Sport and Exercise Science Research Centre (SESRC)
Department of Life Sciences
PhD Opportunities
Please see below a list of current PhD opportunities in the SESRC. This list is by no means exhaustive,
so if you have a novel research idea please send a short outline (Approx. 500 words) to Dr Neale
Tillin
1. A novel design of activity monitor for improving musculoskeletal health
2. Neuromuscular function in hot and temperate environments
3. How does bone mineral density and body weight affect trunk muscle functions in the
elderly?
4. Developing and Evaluating Exercise Protocols for Lower Limb Amputees
5. Optimising heat acclimation strategies
6. A lifestyle based intervention for the middle aged in preparation for elderly life
We offer:
 a first-class comprehensive PhD programme, with the opportunity of taking taught modules
within and outside the Department (if recommended), and appropriate mentorship to
develop your career
 a strong research environment, with growing PhD numbers and excellent research facilities
Applications will be accepted from students in the UK and overseas. There is no funding attached to
this project, and therefore the successful applicant will be responsible for the payment of tuition
fees, living expenses and other such costs associated with living and studying in London. Appropriate
applicants will be encouraged to apply for external or internal grants, if available, although such
funding is likely to be highly competitive and success cannot be guaranteed.
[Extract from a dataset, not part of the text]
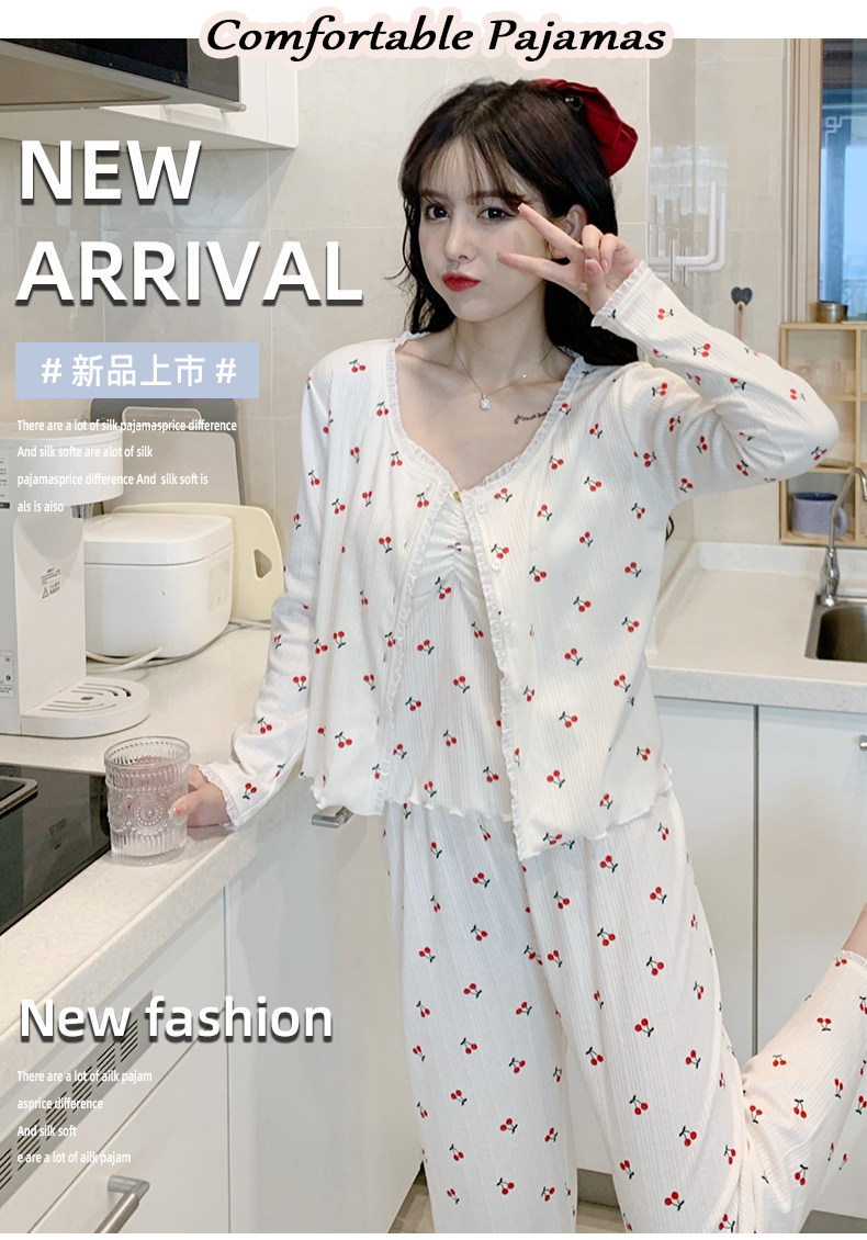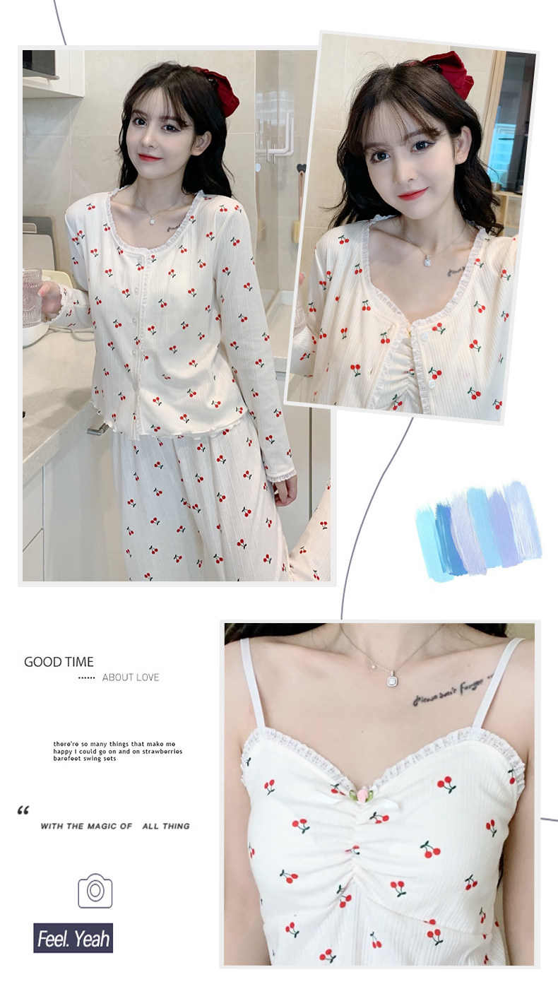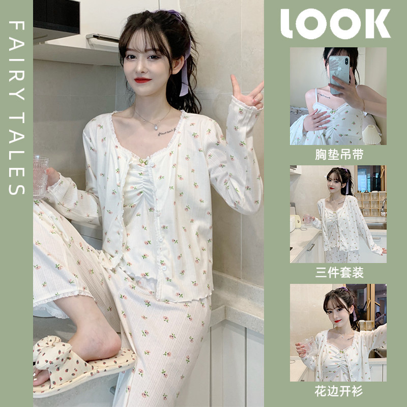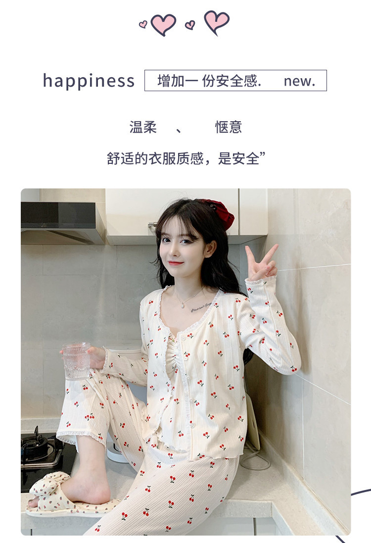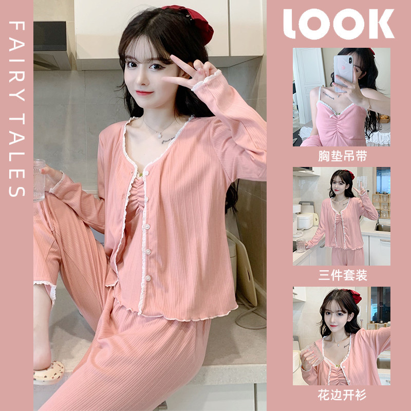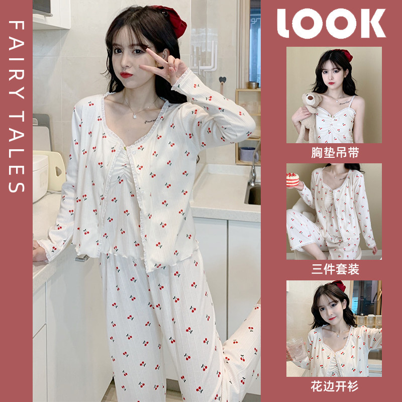 Пижама, хлопковый осенний милый лонгслив, милые сексуальные штаны, комплект, домашняя одежда, эффект подтяжки, 3 предмета

The project will be awarded to the first suitable applicant. The start date and final details of the
project will be agreed between the successful applicant and their supervisors. Applications are
accepted all year round.
Project title: A novel design of activity monitor for improving musculoskeletal health
Background: Physical activity is important to maintain and improve the physical functions of bone
and muscles. There are a number of commercially available activity monitors which are targeted at
improving physical fitness, but none of them provide information about how they may be used to
improve musculoskeletal health. There is also a need to develop a user interface which is attractive
and user-friendly to the elderly people who will find this device helpful in preventing osteoporosis
and loss of muscle function.
Aim of project: The aim of this project is to develop a novel design which could provide user-friendly
information about the effects of physical activity on musculoskeletal health, and to define
parameters which could be set as exercise goals.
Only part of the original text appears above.